(Dataset records)
○ ○ ○

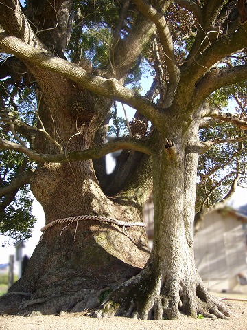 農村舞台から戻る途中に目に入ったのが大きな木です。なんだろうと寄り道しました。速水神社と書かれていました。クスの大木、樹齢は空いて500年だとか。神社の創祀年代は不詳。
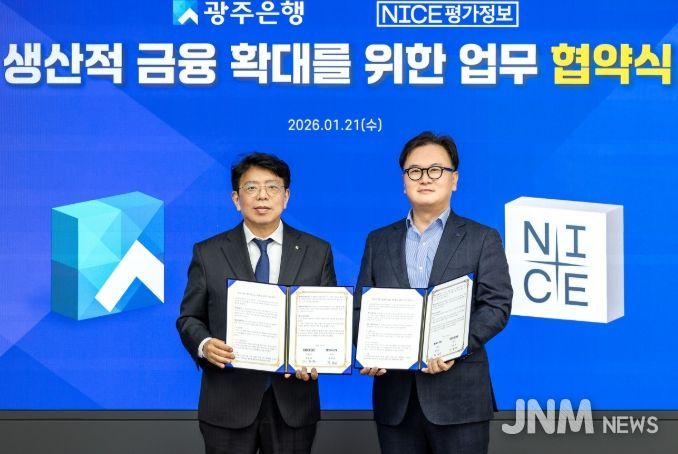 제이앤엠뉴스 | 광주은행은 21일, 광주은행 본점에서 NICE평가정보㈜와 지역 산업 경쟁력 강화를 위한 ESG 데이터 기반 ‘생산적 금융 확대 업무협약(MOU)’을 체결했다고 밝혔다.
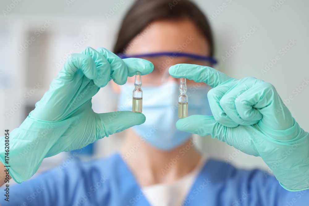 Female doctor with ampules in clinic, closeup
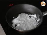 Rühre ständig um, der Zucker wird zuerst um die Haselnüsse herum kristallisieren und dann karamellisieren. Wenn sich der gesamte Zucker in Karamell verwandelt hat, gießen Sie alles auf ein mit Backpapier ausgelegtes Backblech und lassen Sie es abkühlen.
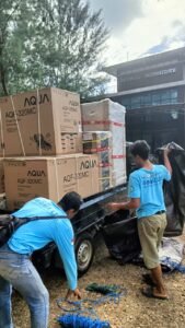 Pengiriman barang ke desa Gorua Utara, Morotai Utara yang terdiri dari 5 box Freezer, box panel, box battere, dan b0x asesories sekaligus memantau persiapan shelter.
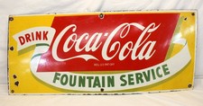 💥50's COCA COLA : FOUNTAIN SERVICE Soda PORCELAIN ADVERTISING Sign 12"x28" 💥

○ ○ ○

Prompt:
Give back each entry exactly as it appears, with no pictures.

Response to the task:
 農村舞台から戻る途中に目に入ったのが大きな木です。なんだろうと寄り道しました。速水神社と書かれていました。クスの大木、樹齢は空いて500年だとか。神社の創祀年代は不詳。
 제이앤엠뉴스 | 광주은행은 21일, 광주은행 본점에서 NICE평가정보㈜와 지역 산업 경쟁력 강화를 위한 ESG 데이터 기반 ‘생산적 금융 확대 업무협약(MOU)’을 체결했다고 밝혔다.
 Female doctor with ampules in clinic, closeup
 Rühre ständig um, der Zucker wird zuerst um die Haselnüsse herum kristallisieren und dann karamellisieren. Wenn sich der gesamte Zucker in Karamell verwandelt hat, gießen Sie alles auf ein mit Backpapier ausgelegtes Backblech und lassen Sie es abkühlen.
 Pengiriman barang ke desa Gorua Utara, Morotai Utara yang terdiri dari 5 box Freezer, box panel, box battere, dan b0x asesories sekaligus memantau persiapan shelter.
 💥50's COCA COLA : FOUNTAIN SERVICE Soda PORCELAIN ADVERTISING Sign 12"x28" 💥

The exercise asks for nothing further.